### Dataset excerpts
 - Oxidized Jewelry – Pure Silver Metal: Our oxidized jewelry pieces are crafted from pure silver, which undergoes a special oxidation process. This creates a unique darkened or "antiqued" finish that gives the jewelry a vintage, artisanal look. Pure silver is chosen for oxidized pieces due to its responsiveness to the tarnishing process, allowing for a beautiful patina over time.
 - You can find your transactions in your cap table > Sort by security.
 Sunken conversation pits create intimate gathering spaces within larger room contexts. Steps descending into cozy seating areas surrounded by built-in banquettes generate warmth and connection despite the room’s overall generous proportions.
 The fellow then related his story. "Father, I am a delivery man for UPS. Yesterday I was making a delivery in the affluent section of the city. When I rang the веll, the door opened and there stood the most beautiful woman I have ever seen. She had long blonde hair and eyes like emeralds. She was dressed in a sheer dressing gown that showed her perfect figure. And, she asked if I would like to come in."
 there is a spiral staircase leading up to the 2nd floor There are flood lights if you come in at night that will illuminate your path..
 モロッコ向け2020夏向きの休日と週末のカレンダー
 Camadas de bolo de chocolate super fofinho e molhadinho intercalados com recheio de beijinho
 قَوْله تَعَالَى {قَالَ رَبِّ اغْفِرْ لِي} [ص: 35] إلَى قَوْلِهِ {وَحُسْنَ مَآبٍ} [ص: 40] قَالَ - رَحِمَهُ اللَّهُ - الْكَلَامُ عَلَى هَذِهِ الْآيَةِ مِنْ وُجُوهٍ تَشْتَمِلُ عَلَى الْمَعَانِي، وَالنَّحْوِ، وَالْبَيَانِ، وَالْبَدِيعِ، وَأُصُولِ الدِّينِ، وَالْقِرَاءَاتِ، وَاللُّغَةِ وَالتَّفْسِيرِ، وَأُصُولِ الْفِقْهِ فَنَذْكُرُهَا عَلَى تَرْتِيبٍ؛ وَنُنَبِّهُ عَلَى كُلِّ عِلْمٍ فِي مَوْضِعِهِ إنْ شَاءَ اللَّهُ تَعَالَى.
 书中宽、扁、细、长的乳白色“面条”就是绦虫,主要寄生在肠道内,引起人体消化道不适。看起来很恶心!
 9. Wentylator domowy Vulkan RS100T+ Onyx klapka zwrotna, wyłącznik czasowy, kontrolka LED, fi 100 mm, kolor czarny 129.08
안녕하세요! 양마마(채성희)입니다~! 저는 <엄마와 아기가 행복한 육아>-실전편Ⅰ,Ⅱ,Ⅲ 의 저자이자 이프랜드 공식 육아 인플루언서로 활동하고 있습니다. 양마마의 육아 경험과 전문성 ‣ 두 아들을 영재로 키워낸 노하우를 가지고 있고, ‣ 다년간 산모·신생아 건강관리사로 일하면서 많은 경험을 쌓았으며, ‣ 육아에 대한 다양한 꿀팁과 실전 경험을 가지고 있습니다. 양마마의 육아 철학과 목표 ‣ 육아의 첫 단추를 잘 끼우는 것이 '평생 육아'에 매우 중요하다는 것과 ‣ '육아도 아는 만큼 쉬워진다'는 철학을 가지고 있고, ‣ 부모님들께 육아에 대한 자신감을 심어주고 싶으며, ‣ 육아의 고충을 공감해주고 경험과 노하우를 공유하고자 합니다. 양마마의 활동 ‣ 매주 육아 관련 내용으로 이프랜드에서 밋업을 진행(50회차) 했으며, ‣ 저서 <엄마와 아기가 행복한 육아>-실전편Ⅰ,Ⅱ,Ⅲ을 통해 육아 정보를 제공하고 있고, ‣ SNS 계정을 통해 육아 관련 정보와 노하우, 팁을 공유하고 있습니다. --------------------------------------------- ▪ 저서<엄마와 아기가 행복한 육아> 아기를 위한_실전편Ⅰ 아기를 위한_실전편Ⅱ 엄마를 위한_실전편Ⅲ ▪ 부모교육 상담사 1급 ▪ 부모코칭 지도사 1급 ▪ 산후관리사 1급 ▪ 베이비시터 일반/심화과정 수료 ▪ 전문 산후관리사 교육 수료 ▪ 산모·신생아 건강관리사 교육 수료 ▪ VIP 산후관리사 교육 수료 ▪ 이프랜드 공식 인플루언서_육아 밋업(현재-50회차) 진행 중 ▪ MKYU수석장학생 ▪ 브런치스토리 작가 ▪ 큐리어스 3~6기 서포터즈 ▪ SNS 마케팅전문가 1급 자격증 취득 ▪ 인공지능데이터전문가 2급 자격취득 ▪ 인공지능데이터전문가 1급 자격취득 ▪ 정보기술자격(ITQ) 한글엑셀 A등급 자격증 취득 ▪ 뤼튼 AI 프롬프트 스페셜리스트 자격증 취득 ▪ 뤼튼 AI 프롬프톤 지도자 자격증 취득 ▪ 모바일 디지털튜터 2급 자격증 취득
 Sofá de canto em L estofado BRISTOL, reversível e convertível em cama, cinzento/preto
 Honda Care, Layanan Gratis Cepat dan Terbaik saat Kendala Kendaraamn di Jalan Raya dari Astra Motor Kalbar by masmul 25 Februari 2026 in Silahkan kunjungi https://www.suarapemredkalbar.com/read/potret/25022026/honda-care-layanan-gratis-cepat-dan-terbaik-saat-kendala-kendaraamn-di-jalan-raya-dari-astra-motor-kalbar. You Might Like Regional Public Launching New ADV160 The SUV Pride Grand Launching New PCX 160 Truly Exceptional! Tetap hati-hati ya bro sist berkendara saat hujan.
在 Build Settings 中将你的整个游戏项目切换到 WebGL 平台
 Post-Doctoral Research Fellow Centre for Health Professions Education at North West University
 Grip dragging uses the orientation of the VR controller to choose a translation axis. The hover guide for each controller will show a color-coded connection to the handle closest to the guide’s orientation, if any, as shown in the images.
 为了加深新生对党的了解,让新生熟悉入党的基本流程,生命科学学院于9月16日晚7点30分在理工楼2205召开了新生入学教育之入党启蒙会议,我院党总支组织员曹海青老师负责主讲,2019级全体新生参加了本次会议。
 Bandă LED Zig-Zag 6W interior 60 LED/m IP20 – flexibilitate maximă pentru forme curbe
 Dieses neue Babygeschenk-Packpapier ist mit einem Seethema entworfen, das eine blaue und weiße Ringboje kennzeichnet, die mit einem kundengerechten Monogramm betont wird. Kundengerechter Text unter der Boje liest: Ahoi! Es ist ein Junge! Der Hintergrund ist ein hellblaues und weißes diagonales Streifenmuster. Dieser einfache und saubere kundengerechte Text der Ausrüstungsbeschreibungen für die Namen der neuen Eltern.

### What you need to do
The records above are to be transcribed exactly and completely.

### Your response
 - Oxidized Jewelry – Pure Silver Metal: Our oxidized jewelry pieces are crafted from pure silver, which undergoes a special oxidation process. This creates a unique darkened or "antiqued" finish that gives the jewelry a vintage, artisanal look. Pure silver is chosen for oxidized pieces due to its responsiveness to the tarnishing process, allowing for a beautiful patina over time.
 - You can find your transactions in your cap table > Sort by security.
 Sunken conversation pits create intimate gathering spaces within larger room contexts. Steps descending into cozy seating areas surrounded by built-in banquettes generate warmth and connection despite the room’s overall generous proportions.
 The fellow then related his story. "Father, I am a delivery man for UPS. Yesterday I was making a delivery in the affluent section of the city. When I rang the веll, the door opened and there stood the most beautiful woman I have ever seen. She had long blonde hair and eyes like emeralds. She was dressed in a sheer dressing gown that showed her perfect figure. And, she asked if I would like to come in."
 there is a spiral staircase leading up to the 2nd floor There are flood lights if you come in at night that will illuminate your path..
 モロッコ向け2020夏向きの休日と週末のカレンダー
 Camadas de bolo de chocolate super fofinho e molhadinho intercalados com recheio de beijinho
 قَوْله تَعَالَى {قَالَ رَبِّ اغْفِرْ لِي} [ص: 35] إلَى قَوْلِهِ {وَحُسْنَ مَآبٍ} [ص: 40] قَالَ - رَحِمَهُ اللَّهُ - الْكَلَامُ عَلَى هَذِهِ الْآيَةِ مِنْ وُجُوهٍ تَشْتَمِلُ عَلَى الْمَعَانِي، وَالنَّحْوِ، وَالْبَيَانِ، وَالْبَدِيعِ، وَأُصُولِ الدِّينِ، وَالْقِرَاءَاتِ، وَاللُّغَةِ وَالتَّفْسِيرِ، وَأُصُولِ الْفِقْهِ فَنَذْكُرُهَا عَلَى تَرْتِيبٍ؛ وَنُنَبِّهُ عَلَى كُلِّ عِلْمٍ فِي مَوْضِعِهِ إنْ شَاءَ اللَّهُ تَعَالَى.
 书中宽、扁、细、长的乳白色“面条”就是绦虫,主要寄生在肠道内,引起人体消化道不适。看起来很恶心!
 9. Wentylator domowy Vulkan RS100T+ Onyx klapka zwrotna, wyłącznik czasowy, kontrolka LED, fi 100 mm, kolor czarny 129.08
안녕하세요! 양마마(채성희)입니다~! 저는 <엄마와 아기가 행복한 육아>-실전편Ⅰ,Ⅱ,Ⅲ 의 저자이자 이프랜드 공식 육아 인플루언서로 활동하고 있습니다. 양마마의 육아 경험과 전문성 ‣ 두 아들을 영재로 키워낸 노하우를 가지고 있고, ‣ 다년간 산모·신생아 건강관리사로 일하면서 많은 경험을 쌓았으며, ‣ 육아에 대한 다양한 꿀팁과 실전 경험을 가지고 있습니다. 양마마의 육아 철학과 목표 ‣ 육아의 첫 단추를 잘 끼우는 것이 '평생 육아'에 매우 중요하다는 것과 ‣ '육아도 아는 만큼 쉬워진다'는 철학을 가지고 있고, ‣ 부모님들께 육아에 대한 자신감을 심어주고 싶으며, ‣ 육아의 고충을 공감해주고 경험과 노하우를 공유하고자 합니다. 양마마의 활동 ‣ 매주 육아 관련 내용으로 이프랜드에서 밋업을 진행(50회차) 했으며, ‣ 저서 <엄마와 아기가 행복한 육아>-실전편Ⅰ,Ⅱ,Ⅲ을 통해 육아 정보를 제공하고 있고, ‣ SNS 계정을 통해 육아 관련 정보와 노하우, 팁을 공유하고 있습니다. --------------------------------------------- ▪ 저서<엄마와 아기가 행복한 육아> 아기를 위한_실전편Ⅰ 아기를 위한_실전편Ⅱ 엄마를 위한_실전편Ⅲ ▪ 부모교육 상담사 1급 ▪ 부모코칭 지도사 1급 ▪ 산후관리사 1급 ▪ 베이비시터 일반/심화과정 수료 ▪ 전문 산후관리사 교육 수료 ▪ 산모·신생아 건강관리사 교육 수료 ▪ VIP 산후관리사 교육 수료 ▪ 이프랜드 공식 인플루언서_육아 밋업(현재-50회차) 진행 중 ▪ MKYU수석장학생 ▪ 브런치스토리 작가 ▪ 큐리어스 3~6기 서포터즈 ▪ SNS 마케팅전문가 1급 자격증 취득 ▪ 인공지능데이터전문가 2급 자격취득 ▪ 인공지능데이터전문가 1급 자격취득 ▪ 정보기술자격(ITQ) 한글엑셀 A등급 자격증 취득 ▪ 뤼튼 AI 프롬프트 스페셜리스트 자격증 취득 ▪ 뤼튼 AI 프롬프톤 지도자 자격증 취득 ▪ 모바일 디지털튜터 2급 자격증 취득
 Sofá de canto em L estofado BRISTOL, reversível e convertível em cama, cinzento/preto
 Honda Care, Layanan Gratis Cepat dan Terbaik saat Kendala Kendaraamn di Jalan Raya dari Astra Motor Kalbar by masmul 25 Februari 2026 in Silahkan kunjungi https://www.suarapemredkalbar.com/read/potret/25022026/honda-care-layanan-gratis-cepat-dan-terbaik-saat-kendala-kendaraamn-di-jalan-raya-dari-astra-motor-kalbar. You Might Like Regional Public Launching New ADV160 The SUV Pride Grand Launching New PCX 160 Truly Exceptional! Tetap hati-hati ya bro sist berkendara saat hujan.
在 Build Settings 中将你的整个游戏项目切换到 WebGL 平台
 Post-Doctoral Research Fellow Centre for Health Professions Education at North West University
 Grip dragging uses the orientation of the VR controller to choose a translation axis. The hover guide for each controller will show a color-coded connection to the handle closest to the guide’s orientation, if any, as shown in the images.
 为了加深新生对党的了解,让新生熟悉入党的基本流程,生命科学学院于9月16日晚7点30分在理工楼2205召开了新生入学教育之入党启蒙会议,我院党总支组织员曹海青老师负责主讲,2019级全体新生参加了本次会议。
 Bandă LED Zig-Zag 6W interior 60 LED/m IP20 – flexibilitate maximă pentru forme curbe
 Dieses neue Babygeschenk-Packpapier ist mit einem Seethema entworfen, das eine blaue und weiße Ringboje kennzeichnet, die mit einem kundengerechten Monogramm betont wird. Kundengerechter Text unter der Boje liest: Ahoi! Es ist ein Junge! Der Hintergrund ist ein hellblaues und weißes diagonales Streifenmuster. Dieser einfache und saubere kundengerechte Text der Ausrüstungsbeschreibungen für die Namen der neuen Eltern.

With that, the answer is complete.